Pioneers and forerunners aside, in the big scheme of things, the turning point that propelled Nordic Noir crime fiction to massive levels of popularity was the publication of Stieg Larsson’s Millenium trilogy in the second half of the 2000s. Scandinavian winds took bookstores by storm and their thrust expanded the margins of this subgenre; hence, Nordic Noirs were not always noir in the conventional sense, since they embraced “anything from traditional whodunits, spy-novels and thrillers” (Bergman, 2014, p. 81).

Crime fiction cuts in literary systems smoothly, but according to Grydehøj (2020), Nordic Noir has two additional features that sharpen its edge and boost its circulation: the exoticism of the hibernal north and the appeal of the wrecking ball that shatters extraneous realities, in this case the Scandinavian ideal. The pivotal role of the subgenre in the deconstruction of the “widespread image of the region as consisting of well-functioning, exemplary nation states” (p. 122), the schadenfreude it imbues when readers “realize that everything is not as perfect as it is reputed to be” (Bergman, 2014, p. 88) are attraction poles for international markets.

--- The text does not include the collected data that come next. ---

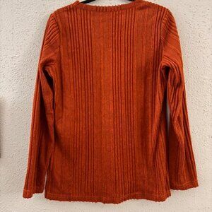 This beautiful terracotta lightweight sweater is a must-have for effortless style. It features a flattering V-neck, soft ribbed knit fabric, and a relaxed fit that makes it comfy and chic at the same time. Easy to dress up or down — pair it with jeans, leggings, shorts, or layer it under a jacket for cooler days. Stretchy, cozy, and versatile.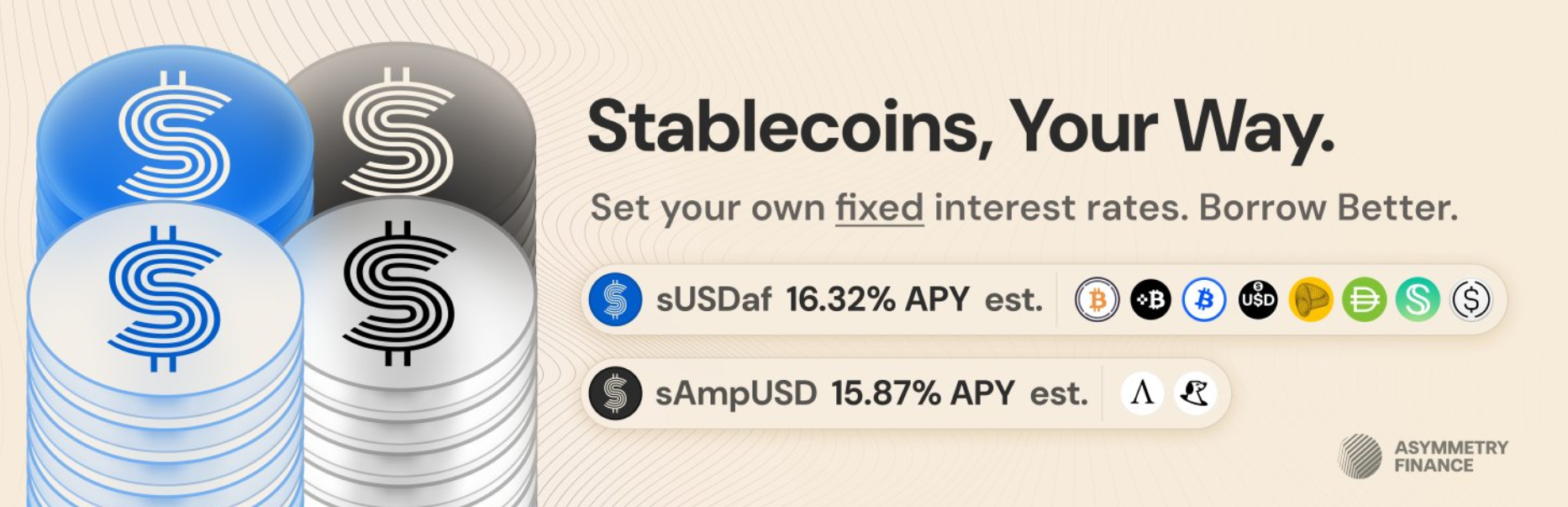Asymmetry Finance là một giao thức DeFi tập trung vào phát triển các sản phẩm Stablecoin và Yield Farming bền vững, có thể mở rộng và vận hành hoàn toàn On-chain. Dự án được xây dựng dựa trên triết lý cốt lõi của Crypto: minh bạch, phi tập trung và sử dụng các Smartcontract không thể thay đổi.
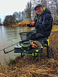 Ani vítr mne neodradil a po obědě jsem vyrazil. Do krmítka jsem použil SENZAS 3000 Super Black a na jeden prut nastražil masňáky a druhým testoval. Slunce pálilo a já byl v závětří, takže jen v mikině.Od prvního nahození jsem zdolával kapříky a plotice v pravidelných intervalech. Po hodince najeli cejnci a záběry hodně zjemnily. Ale i tak jsem nakonec zdolal 21 kousků . Super odpoledne na únor. Takže kamarádi šup k vodě!!!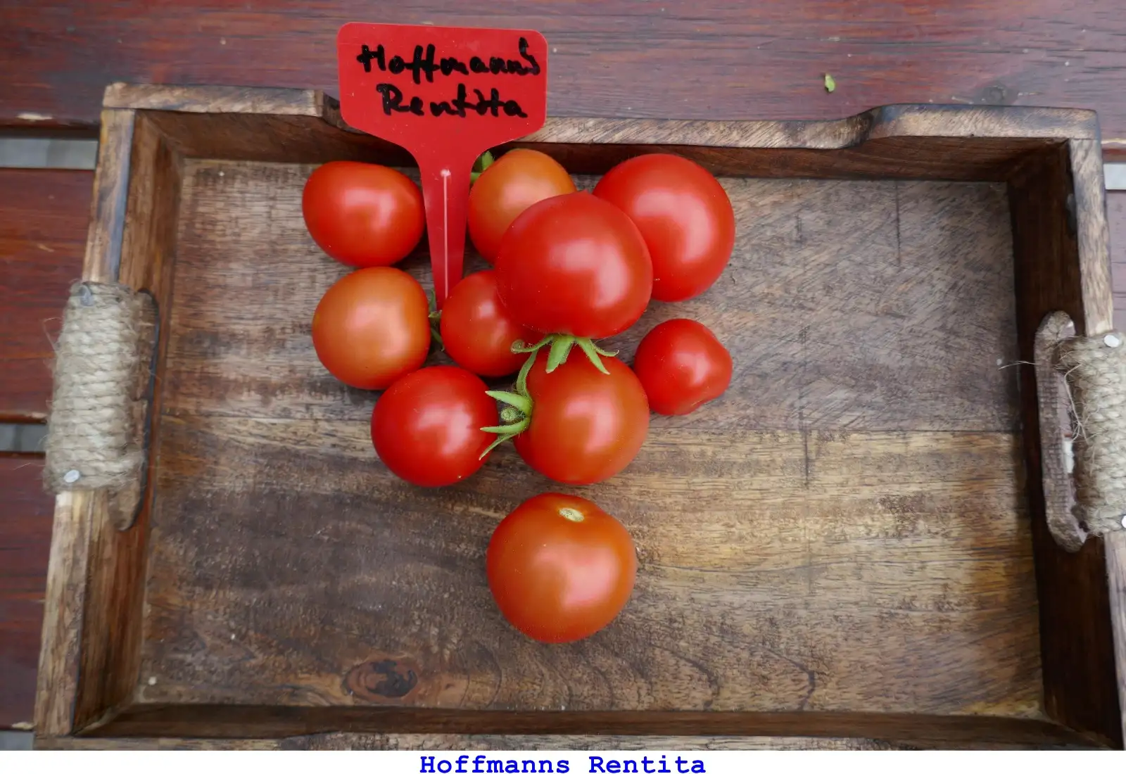 209 Hoffmanns Rentita Rote Buschtomate aus Deutschland, bis 50 cm, Früchte bis 80 Gr., normales Laub, süß saftig frisch Anbau 2023 ©G-TOmaten

Covers, on the other hand, capture the contradiction between the pure, shining-white landscapes and the dark, stinking sewers of the northern societies (for example, see Camilla Läckberg’s Los gritos del pasado published by Maeva or Jo Nesbø’s El muñeco de nieve issued by Debolsillo) to foster Nordic Noir’s vernacular magnetism among readers from different countries (Grydehøj, 2020, p. 122).

The definitive explosion of the subgenre in Spain confirms these observations. The literary earthquake it triggered and the commercial aftershocks that followed were extensively covered by the press. As of 2009, both national and regional newspapers like El País, El Mundo, La Vanguardia, El Periódico or Heraldo de Aragón reflected the bulldozing effect on the market of the Millenium saga (more than 1.2 million copies of the first two novels were sold and 200.000 of La reina en el palacio de las corrientes de aire were devoured by Spanish readers the day it was released) and considered the popularity of Stieg Larsson’s trilogy second to none, surpassing even the forays of a teen wizard with a scarred brow, or the social turmoil, political carnage, and unbridled passions hidden under the shadow cast by the cathedral of Knightsbridge (El País, 2009).

The phenomenon soon constellated other authors: Camilla Läckberg followed suit, her sales skyrocketing to 2 million copies (Corroto, 2019) and paving the way for a legion of colleagues―including bestselling writers Jo Nesbø and Henning Mankell―to burst in afterwards (Fresquet Roso, 2016, p. 350-51). A whole cosmos of information, merchandising, and audiovisual productions has been built around these figures, their names clearly imprinted in the press, the media, and the tablets of contemporary lore. But this did not happen by chance: a close-knit network of Spanish translators has been working for years to freeze our pulse with the stone-cold bodies violently dropped in our bookstores from northern latitudes. Whether our literary system regards them as partners in crime or inconsequential bystanders will be unveiled soon.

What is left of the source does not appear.